Дед — тот видел, счастливец, эскадроны Буденного. Они неслись по степям и с гиканьем, с криком «ура» шли в атаку. И Буденный на Казбеке своем летел впереди.
Деду вообще повезло: обучался на парусных кораблях и под парусами ходил в плавания в океаны. И воевал на буксире, переделанном в тральщик. Подумать только, как здорово!
Больше всего меня поразило, что дед пережил в своем первом плавании то же самое, что пережил я: и страх перед качкой, и опасения за будущее. Значит, такое переживает каждый моряк в своей юности...
А вот Валерка... Двоюродный братец отколол в конце концов такой номерок, что я закачался.
Иван Романович Митюхин, преподаватель черчения и рисования, — человек строгий, желчный и грубоватый. В выражениях он не стесняется и лентяев не терпит. На его уроках больше всего возможностей получить двойку, а то и единицу.
Не мудрено, что Володя Морщихин заметался, как заяц, когда не нашел своего чертежа. А у Володи, будьте покойны, чертеж был тщательно и добросовестно вычерчен!
Чертежа нигде нет. Может быть, кто-нибудь спустил его в гальюн, чтобы досадить Володе? Но у него нет врагов. Самохвалов стал разглагольствовать, громя тех, кто в дни «холодной войны» ослабляет бдительность. (Чудак! Чертеж-то ведь не секретный!) На радость империалистам...
— Заткнись! — закричали ему.— Закругляйся!
И он закруглился призывом еще теснее сплотиться в борьбе против всяческих зол.
Тимофеев Анатолий Тимофеевич (в центре), преподаватель черчения и рисования в 1958-1966 гг.
А Володю жалко. Он славный парень. Все его любят. Он, чуть не плача, докладывает Ивану Романычу, что чертеж был готов, но ночью пропал.
Гроза разразилась:
— Ах, пропал? И вы, Морщихин, записались в когорту лентяев?! Не втирайте очков! Прогуляли! Собакам завязывали хвосты! Единица!..
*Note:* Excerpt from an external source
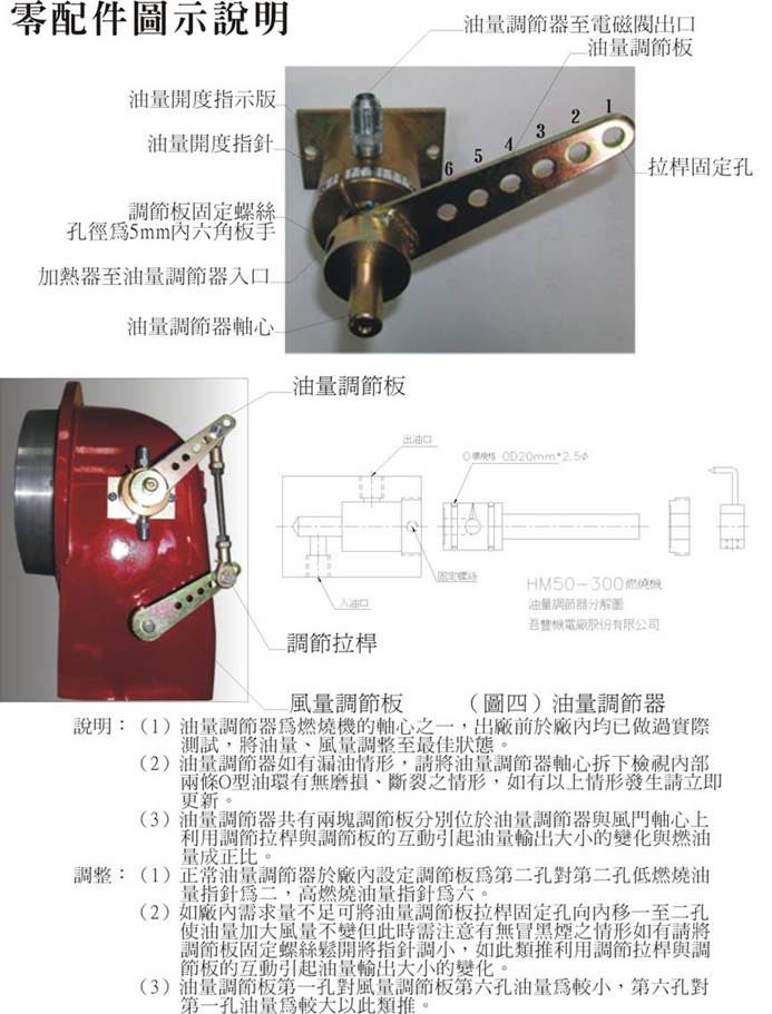 排放管內空氣 (4) 逐步減小風門角,油壓加高或油量加大,調整油量調節器 (5)

Иван Романович взбешен, он стучит кулаком по столу. Кричит и глотает валидол, таблетку за таблеткой. На крик приходит Дмитрий Сергеевич.
— Что случилось?
— Что случилось? Вот они — ваши милые мальчики! Лентяи, обманщики, очковтиратели! Все прощу, но не ложь!
— Я не думаю, чтобы Морщихин говорил вам неправду.
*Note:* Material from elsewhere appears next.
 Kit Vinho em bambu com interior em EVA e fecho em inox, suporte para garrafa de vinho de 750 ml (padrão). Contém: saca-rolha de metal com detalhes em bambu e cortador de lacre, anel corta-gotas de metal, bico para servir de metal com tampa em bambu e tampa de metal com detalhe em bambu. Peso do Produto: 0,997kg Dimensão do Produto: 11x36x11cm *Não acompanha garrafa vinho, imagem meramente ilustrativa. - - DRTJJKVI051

— Ну уж знаете, не защищайте лжецов! Прогулял, а теперь уверяет, что у него украли чертеж. Да где это видано?
— А вам не приходит в голову, Иван Романович, что какой-нибудь лентяй — как видите, я не защищаю огульно весь класс — воспользовался чертежом Морщихина?
— Что-о?
Внезапная догадка осеняет Ивана Романовича. Он вооружается лупой и начинает исследовать чертежи. Один за другим. Кропотливо и тщательно. Класс затихает в предчувствии надвигающейся грозы. За окном вдруг стемнело, пошел густой снег.
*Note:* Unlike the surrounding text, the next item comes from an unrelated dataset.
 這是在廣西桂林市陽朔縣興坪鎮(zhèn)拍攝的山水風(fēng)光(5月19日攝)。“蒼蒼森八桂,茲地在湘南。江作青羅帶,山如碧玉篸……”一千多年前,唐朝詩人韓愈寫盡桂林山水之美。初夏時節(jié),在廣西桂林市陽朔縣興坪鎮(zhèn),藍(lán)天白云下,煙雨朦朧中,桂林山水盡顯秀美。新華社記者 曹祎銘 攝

— Есть! — восклицает Иван Романович.— Морщихин, ко мне!
Володька на обмякших ногах подходит к преподавателю.
В кабинете черчения и рисования.
— Ваш чертеж? Смотрите внимательнее! Тот рассматривает. Под чертежом стоит другая фамилия. Володя пожимает плечами.
— Да что же вы не видите, что ли, подчистку?! — кричит в гневе Иван Романович. — Свою собственную работу не узнаете? Шляпа вы, а не моряк! Фамилия ваша выскоблена, другая надписана... Дмитрий Сергеевич, убедитесь. (Дмитрий Сергеевич склоняется над чертежом.) Свет, дайте свет! (Кто-то повернул выключатель.) Морщихин, читайте фамилию негодяя!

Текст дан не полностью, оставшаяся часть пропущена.